Regular BANners know that the most successful way we have to discover exoplanets — alien worlds orbiting alien stars — is the transit method, where we see a mini-eclipse when the planet passes in front of its star.

Another successful method is direct imaging: literally, seeing a planet in an image. Like, there’s a dot of light next to the star. This method is tricky, though, for lots of reasons. Planets are faint and stars bright, so you need a way to block the vast majority of the star’s light to see the planet. Planets tend to be every close to their star, so you also need exceptional resolution (and, in general, an exoplanetary system that’s relatively close to Earth so that the apparent distance between them is maximized).

One big advantage is that when they’re young, planets are very hot (imagine a million asteroids impacting Earth every day; we’d get hot too). That means they glow in the infrared. Stars don’t tend to be bright in the IR, so if you look in that part of the spectrum it gives you a boost.

Enter JWST. The monster space observatory has keen vision, looks in the infrared, and has filters equipped with coronagraphs, small metal disks that can block the starlight to let you see faint objects nearby. Even better, one of these filters lets through light at a wavelength of 11.4 microns, which is in the thermal infrared where hot planets will emit light the best.

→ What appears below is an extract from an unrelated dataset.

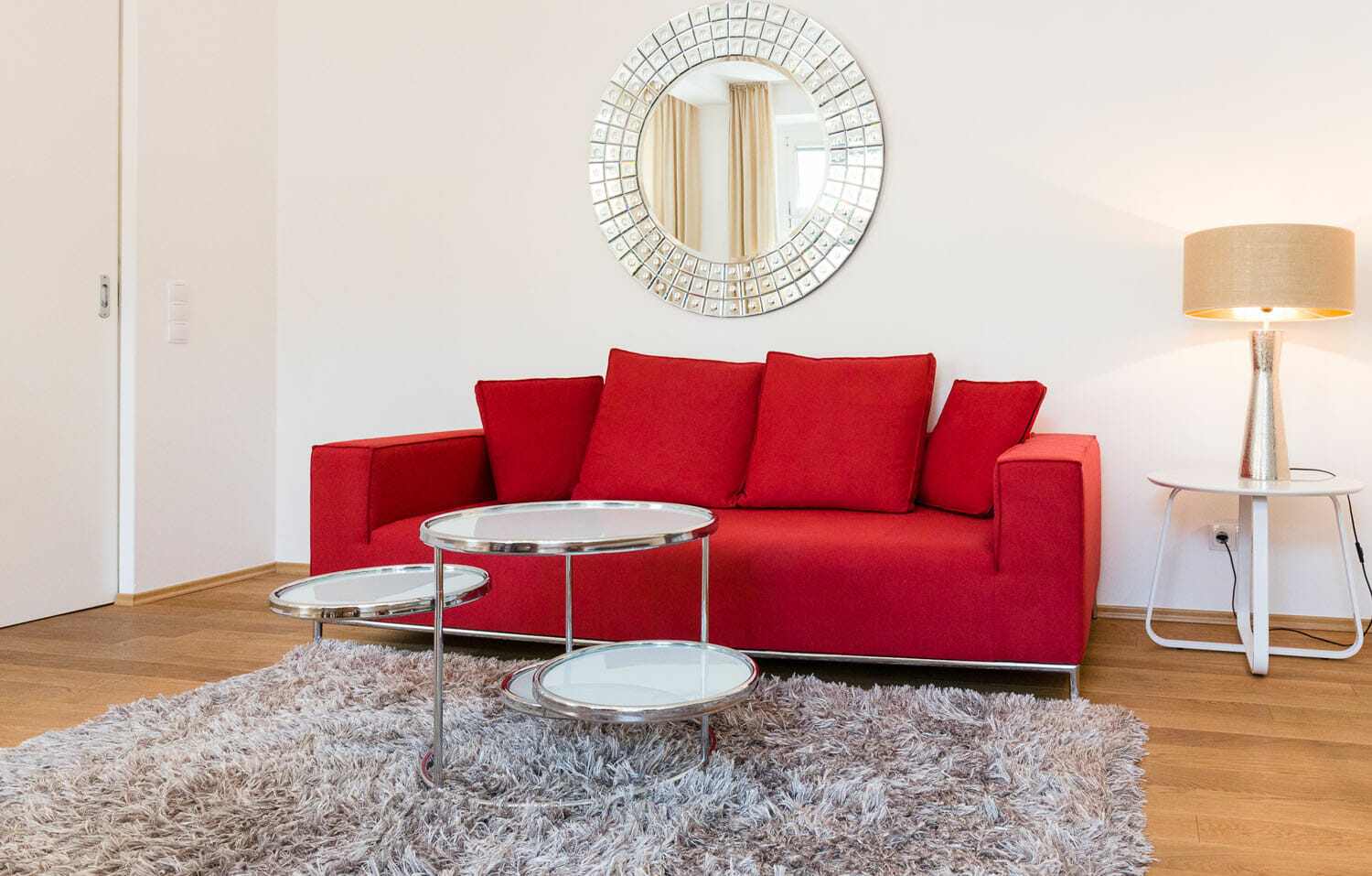 The living area features a large wooden table, ideal for dining, entertaining, or working from home. A striking red sofa acts as a stunning visual centerpiece, adding a vibrant touch to the muted color scheme. A smart TV is mounted above a sleek wall shelf, perfect for cozy evenings in.

The star TWA 7 (or CE Antliae) is a low-mass dim bulb of a red dwarf just 111 light-years from Earth. It’s young, just over 6 million years old, and surrounded by what’s called a debris disk. When it first forms, the star is circled by a disk of gas and dust that can coalesce into small pieces of rock called planetesimals. These collide and create a disk of debris, and it’s this that eventually forms planets. So it’s a good place to look for them.

We see the disk face-on, and there’s structure in it too, including three rings of material that could be forming planets. Not only that, but in one of the rings there’s a chunk missing, a cavity that could be hiding a planet invisible to other telescopes.

So astronomers pointed JWST at TWA 7, put the star behind the coronagraph, and took images.

And what did they see? BOOM! Planet.

A broad blue ring of material with a black center where the star is masked out. A bright orange blob is at the 2 o’clock position in the outer part of the ring.

The blue material is the debris disk, and the orange blob the purported planet. Credit: NASA, ESA, CSA, Anne-Marie Lagrange (CNRS, UGA), Mahdi Zamani (ESA/Webb)

Coooool. The material colored blue in the image is the debris disk as seen by the ESO Very Large Telescope (or VLT). The orange blob is the planet, called TWA 7b, seen by JWST superposed on the VLT image. The black inner region is where the star has been blocked, and the star shape marks its position (the other blob to the left is a background galaxy).

Planets cool as they age, and the more massive they are the longer they stay hotter. Using that, the astronomers estimate TWA 7b has about 0.3 times the mass of Jupiter, right around the same mass as Saturn. It orbits the star about 52 times farther out than Earth orbits the Sun, or nearly 8 billion kilometers (for comparison, Neptune is about 3.5 billion out from the Sun). So it’s pretty far out.